### Data block
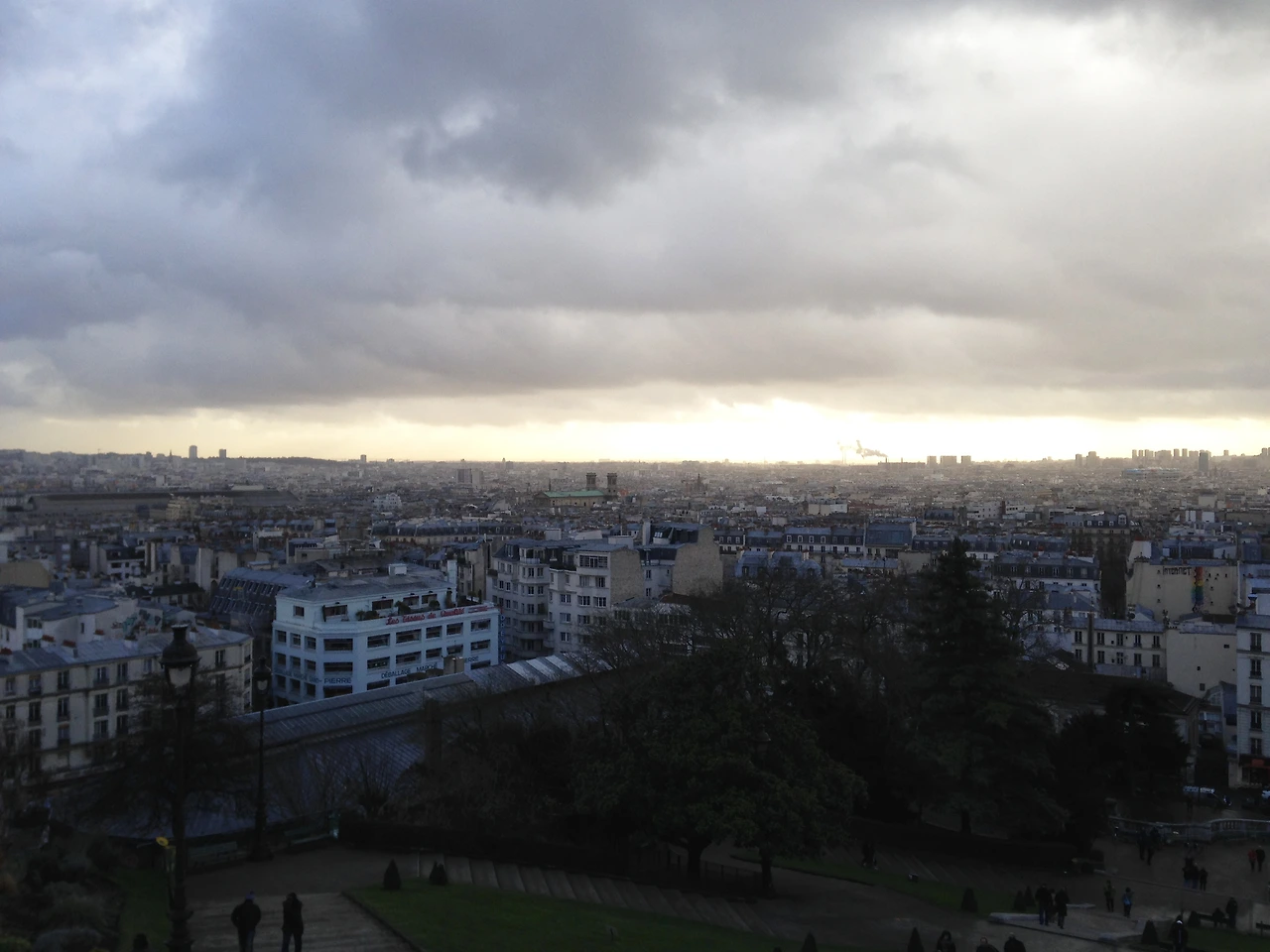 내게 파리=몽마르뜨언덕과 에펠탑 이었다. 그렇기 때문에 꼭 봐야만 했던 에펠탑과 몽마르뜨 언덕. 팔찌 채우는 흑인아저씨들이 많아! 라는 무서운 이야기를 무릅쓰고 뒷길로 아름아름 걸어갔던 이곳. 올라서자마자 보이는 푸른 지붕들이 잔뜩 채워진 파리 시내는 정말 예쁘고 아름다웠다. 파란 하늘이 아니라 아쉬웠지만, 반대로 먹구름이 가득한 몽마르뜨 언덕은, 지금까지도 잊혀지지가 않는다. 너무 아름다웠다. 특히 먹구름 사이로 조금씩 듬성듬성 비치는 햇빛마저도 너무 아름다웠던 순간이었다. 파리에서 잊지 못할 순간 중 하나였던, 몽마르뜨 언덕에서의 먹구름.
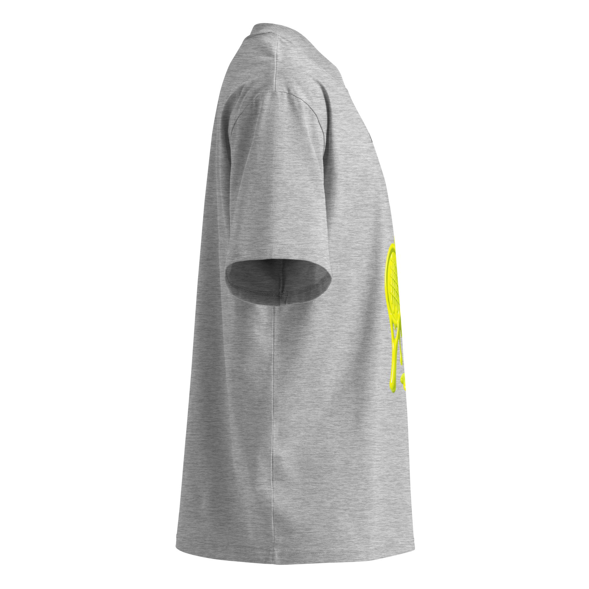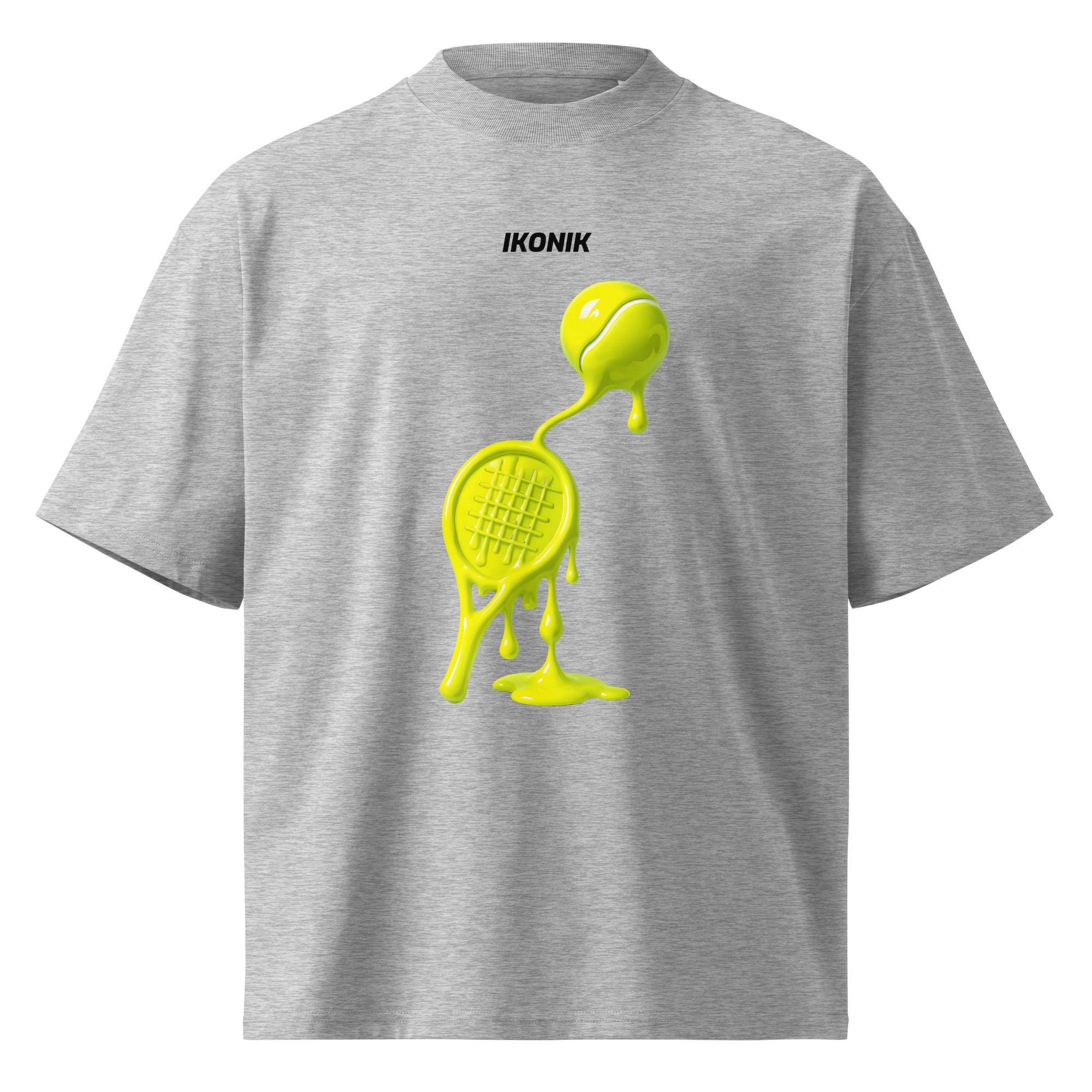 Description Upgrade your everyday streetwear with this oversized t-shirt featuring a bold melting tennis graphic. Crafted from 100% organic combed ring-spun cotton, this tee combines comfort, sustainability, and modern design. The relaxed oversized fit, dropped shoulders, and wide collar make it perfect for casual wear, layering, or statement outfits. A unique sports-inspired artwork for those who like clean design with a creative edge.
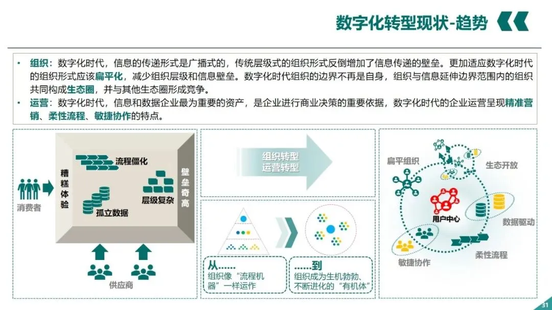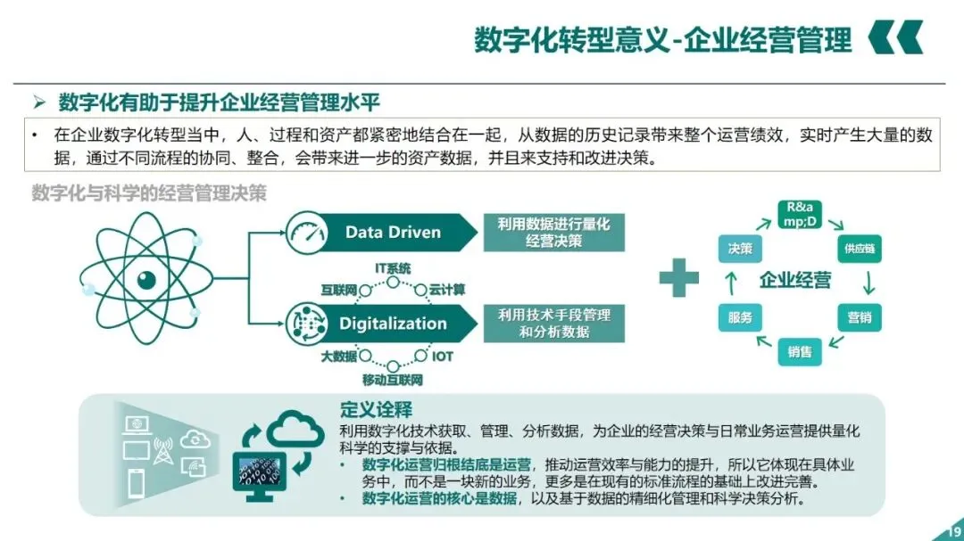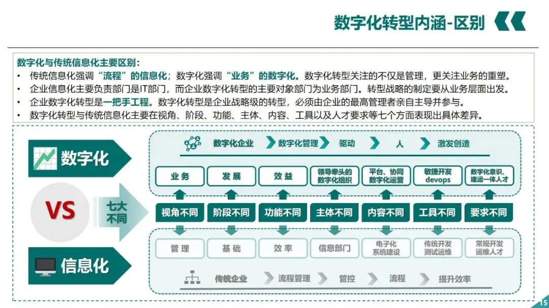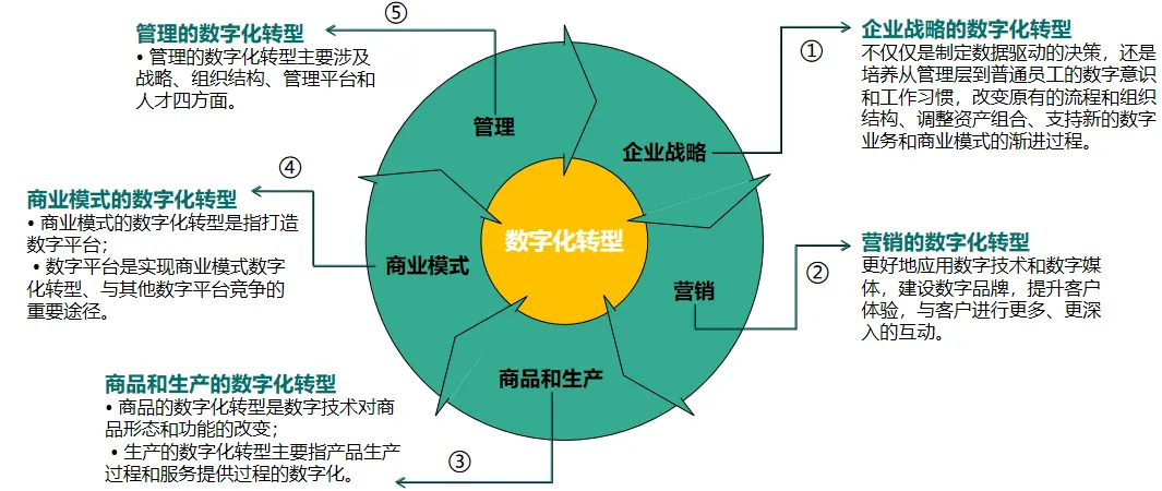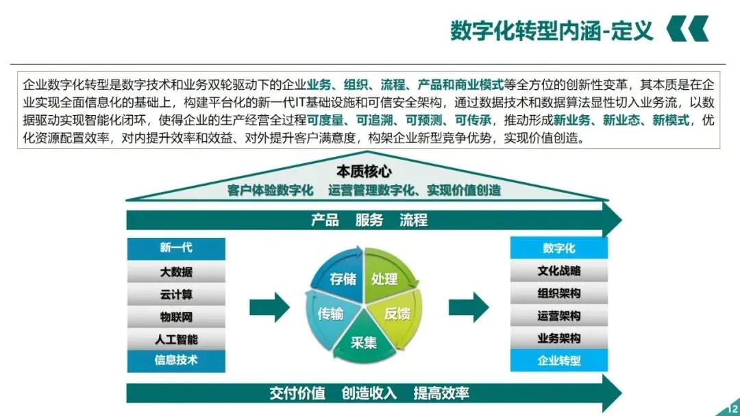数字化转型的核心是靠数据驱动,前提是企业先实现全面信息化和业务数据化。借助大数据、云计算、人工智能这些新技术,打破不同部门、不同层级的数据隔阂,让业务流程可追溯、可预测,进而重塑业务模式、组织架构和产品服务。它和传统信息化不一样,不只是把流程搬到线上,更看重业务的重构,而且需要老板亲自牵头,不是单靠信息部门就能完成的,得全员参与,一步步从初步接触数字化的反应期,走到数据驱动决策的成熟期。

### Exercise
Lines from the one that contains "Description Upgrade your" through the last line of the data above are to be extracted exactly, with no pictures and no other lines.

### Result
 Description Upgrade your everyday streetwear with this oversized t-shirt featuring a bold melting tennis graphic. Crafted from 100% organic combed ring-spun cotton, this tee combines comfort, sustainability, and modern design. The relaxed oversized fit, dropped shoulders, and wide collar make it perfect for casual wear, layering, or statement outfits. A unique sports-inspired artwork for those who like clean design with a creative edge.
数字化转型的核心是靠数据驱动,前提是企业先实现全面信息化和业务数据化。借助大数据、云计算、人工智能这些新技术,打破不同部门、不同层级的数据隔阂,让业务流程可追溯、可预测,进而重塑业务模式、组织架构和产品服务。它和传统信息化不一样,不只是把流程搬到线上,更看重业务的重构,而且需要老板亲自牵头,不是单靠信息部门就能完成的,得全员参与,一步步从初步接触数字化的反应期,走到数据驱动决策的成熟期。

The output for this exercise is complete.